▸ **Instructions for the task**: Reproduce exactly only the lines from the line that holds "Mesita de noche" to the line that holds "gold acrylic engraved", inclusive, in the listing below, and please leave out every picture.
──────── Records provided ────────
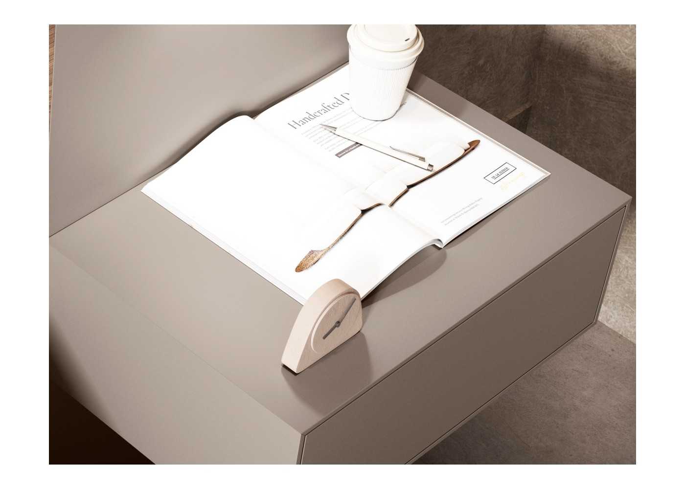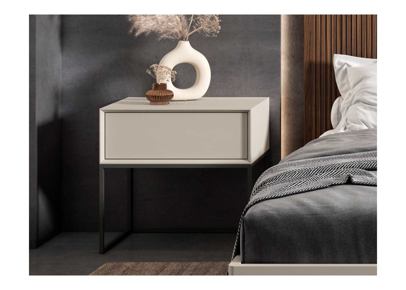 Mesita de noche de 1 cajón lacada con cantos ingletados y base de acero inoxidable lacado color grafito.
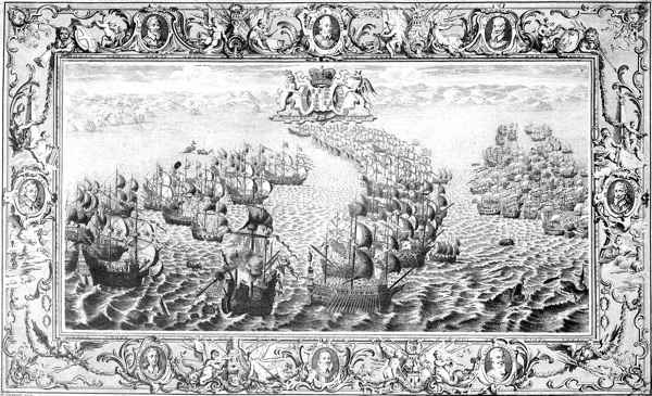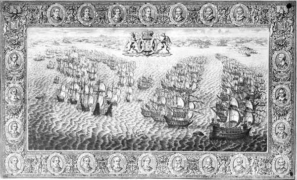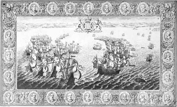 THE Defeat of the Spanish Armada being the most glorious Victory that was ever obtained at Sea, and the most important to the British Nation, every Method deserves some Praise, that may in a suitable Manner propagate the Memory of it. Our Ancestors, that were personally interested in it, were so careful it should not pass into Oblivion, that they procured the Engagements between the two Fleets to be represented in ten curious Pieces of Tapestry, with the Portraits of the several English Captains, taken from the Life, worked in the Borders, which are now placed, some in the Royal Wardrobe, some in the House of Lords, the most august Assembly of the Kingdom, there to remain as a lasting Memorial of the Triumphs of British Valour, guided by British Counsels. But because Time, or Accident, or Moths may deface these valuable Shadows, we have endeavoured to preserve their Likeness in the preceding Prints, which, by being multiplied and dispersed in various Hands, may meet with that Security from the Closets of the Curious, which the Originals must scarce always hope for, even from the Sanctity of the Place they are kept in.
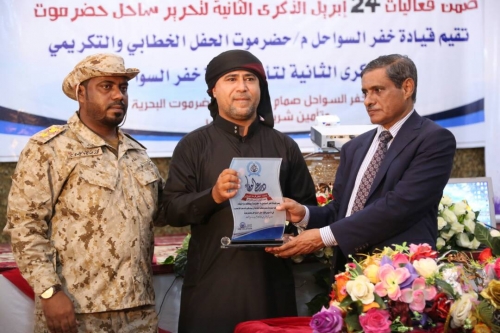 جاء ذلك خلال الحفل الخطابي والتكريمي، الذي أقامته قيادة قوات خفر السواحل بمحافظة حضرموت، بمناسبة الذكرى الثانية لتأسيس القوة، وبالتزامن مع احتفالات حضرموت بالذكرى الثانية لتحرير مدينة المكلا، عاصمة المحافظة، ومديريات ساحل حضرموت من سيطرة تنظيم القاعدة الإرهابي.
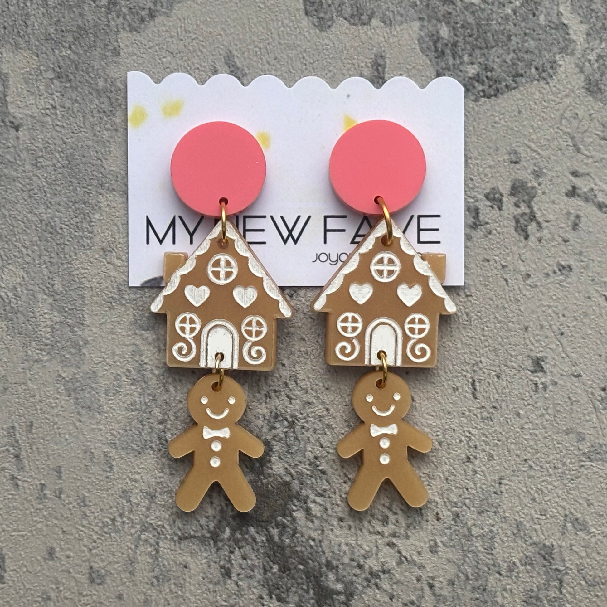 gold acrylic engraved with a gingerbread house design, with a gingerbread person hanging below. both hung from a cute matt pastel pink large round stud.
────────
──────── Records provided ────────
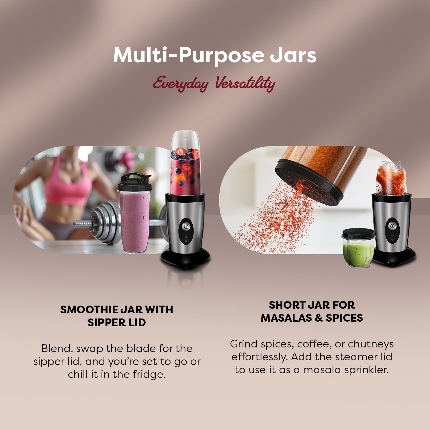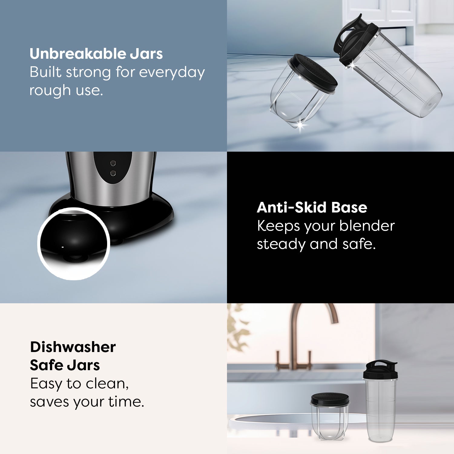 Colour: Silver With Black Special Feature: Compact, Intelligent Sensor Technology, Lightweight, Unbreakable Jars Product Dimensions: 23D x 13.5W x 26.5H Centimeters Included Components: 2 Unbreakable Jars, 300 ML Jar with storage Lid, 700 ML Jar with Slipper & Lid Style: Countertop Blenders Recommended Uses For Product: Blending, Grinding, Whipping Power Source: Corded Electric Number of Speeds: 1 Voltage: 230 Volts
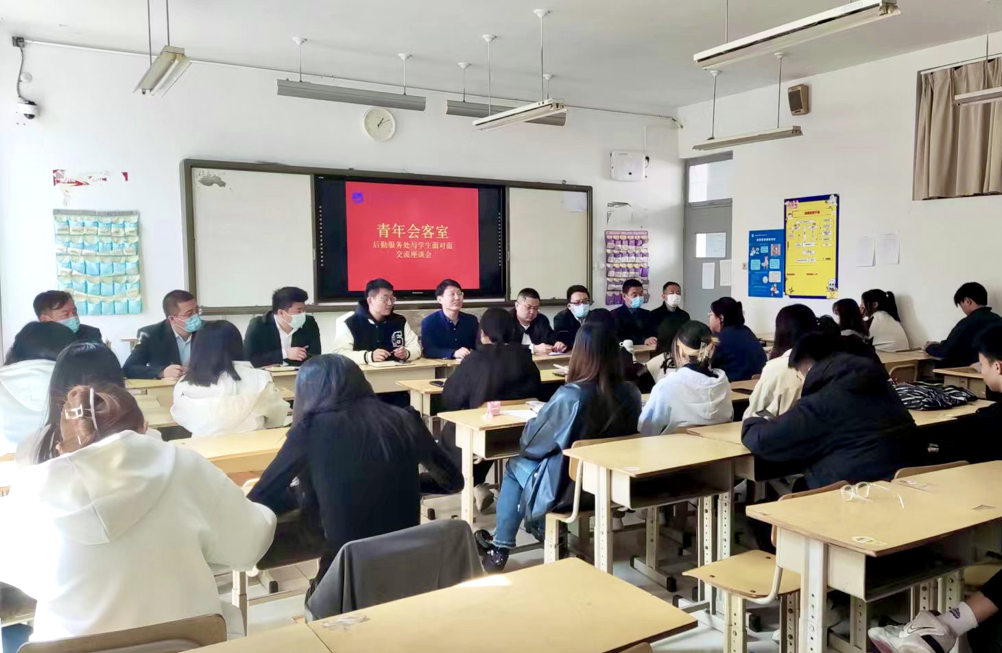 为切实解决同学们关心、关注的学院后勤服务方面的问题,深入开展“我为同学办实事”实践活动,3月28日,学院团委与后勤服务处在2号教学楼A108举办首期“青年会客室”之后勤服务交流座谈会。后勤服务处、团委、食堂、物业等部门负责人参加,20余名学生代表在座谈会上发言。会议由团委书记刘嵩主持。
────────
▸ **Final answer**:
 Mesita de noche de 1 cajón lacada con cantos ingletados y base de acero inoxidable lacado color grafito.
 THE Defeat of the Spanish Armada being the most glorious Victory that was ever obtained at Sea, and the most important to the British Nation, every Method deserves some Praise, that may in a suitable Manner propagate the Memory of it. Our Ancestors, that were personally interested in it, were so careful it should not pass into Oblivion, that they procured the Engagements between the two Fleets to be represented in ten curious Pieces of Tapestry, with the Portraits of the several English Captains, taken from the Life, worked in the Borders, which are now placed, some in the Royal Wardrobe, some in the House of Lords, the most august Assembly of the Kingdom, there to remain as a lasting Memorial of the Triumphs of British Valour, guided by British Counsels. But because Time, or Accident, or Moths may deface these valuable Shadows, we have endeavoured to preserve their Likeness in the preceding Prints, which, by being multiplied and dispersed in various Hands, may meet with that Security from the Closets of the Curious, which the Originals must scarce always hope for, even from the Sanctity of the Place they are kept in.
 جاء ذلك خلال الحفل الخطابي والتكريمي، الذي أقامته قيادة قوات خفر السواحل بمحافظة حضرموت، بمناسبة الذكرى الثانية لتأسيس القوة، وبالتزامن مع احتفالات حضرموت بالذكرى الثانية لتحرير مدينة المكلا، عاصمة المحافظة، ومديريات ساحل حضرموت من سيطرة تنظيم القاعدة الإرهابي.
 gold acrylic engraved with a gingerbread house design, with a gingerbread person hanging below. both hung from a cute matt pastel pink large round stud.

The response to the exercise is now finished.